1012 Objectives: We report the results of a series of dynamic whole-body positron emission tomography (PET) studies performed in rhesus macaques and healthy human subjects for assessment of in vivo biodistribution and radiation dosimetry of [18F]PF-05270430, a radiotracer for phosphodiesterase 2A (PDE2A). Whole body PET imaging with [18F]PF-05270430 was conducted in one female (7.9 kg) and one male (12.2 kg) rhesus monkey. Immediately following a bolus intravenous injection of [18F]PF-05270430 (337 ± 46 MBq), a series of 20 or 17 whole-body 3D PET scans with 4 or 5 bed positions, respectively were obtained continuously over about 4 hours on a Siemens mCT scanner. Additionally, four healthy human volunteers (two males and two females) received a single bolus i.v. of up to 185 MBq of [18F]PF-05270430. Following the injection, whole body PET imaging occurred on a Siemens ECAT HR+ scanner for a period of about 6 hours. Safety and tolerability was assessed through all study visits including blood and urine samples for laboratory tests, ECGs, physical examination, neurological examination and assessments for adverse events. Whole body biodistribution, radiation absorbed dose and effective dose of [18F]PF-05270430 were evaluated for several organs and total body. Brain, heart, liver, gallbladder, intestines, kidneys, and urinary bladder were identified as source organs. In rhesus, organs with highest [18F]PF-05270430 uptake included liver, stomach, intestine, and urinary bladder. Radiotracer was eliminated primarily via hepatobiliary pathways. Significant secondary elimination via renal route was observed in the female rhesus. Gastrointestinal tract received the highest radiation dose in the male model. In the female model the highest dose was received by urinary bladder. The whole-body effective dose (ICRP-60) was 2.31E-02 mSv/MBq for female and 2.04E-02 mSv/MBq for male, similar to other 18F labeled radiopharmaceuticals. In humans, the tracer was eliminated primarily via hepatobiliary route, with a secondary elimination via urinary route.
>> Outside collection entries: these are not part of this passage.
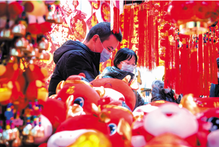 隨著春節(jié)的日益臨近,太原市的市民開始選購年貨,迎接新春佳節(jié)的到來。圖為1月31日,市民在太原市迎澤區(qū)雙塔寺街的一家市場內(nèi)選購年貨。(新華社記者 楊晨光 攝)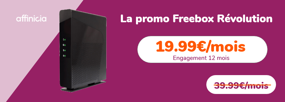 La promo du moment à ne pas louper, c’est la Freebox Révolution affichée à 19,99€ pendant 1 an puis 44.99€. L’abonnement de 12 mois vous laisse la possibilité de changer d’offre une fois l’engagement écoulé.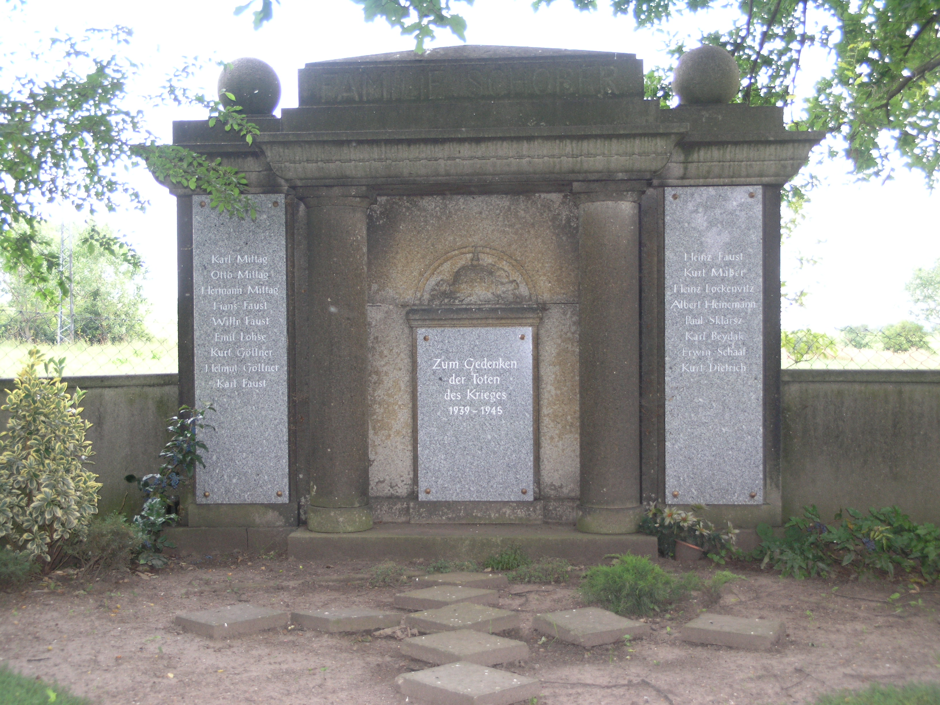Die Gedenktafeln der zu Ehren der Gefallen aus dem 2. Weltkrieges, wurden am Familiengrab der Familie Schober angebracht.

The average whole body effective dose (ED) across the 4 subjects was determined to be 3.49E-02 ± 7.59E-03 mSv/MBq, where the critical organ was determined to be the gallbladder. Based on the ED from the four healthy human volunteers, the total number of [18F]PF-05270430 scans would conservatively be limited to 6 per year for both males and females based on an injected dose of 185 MBq.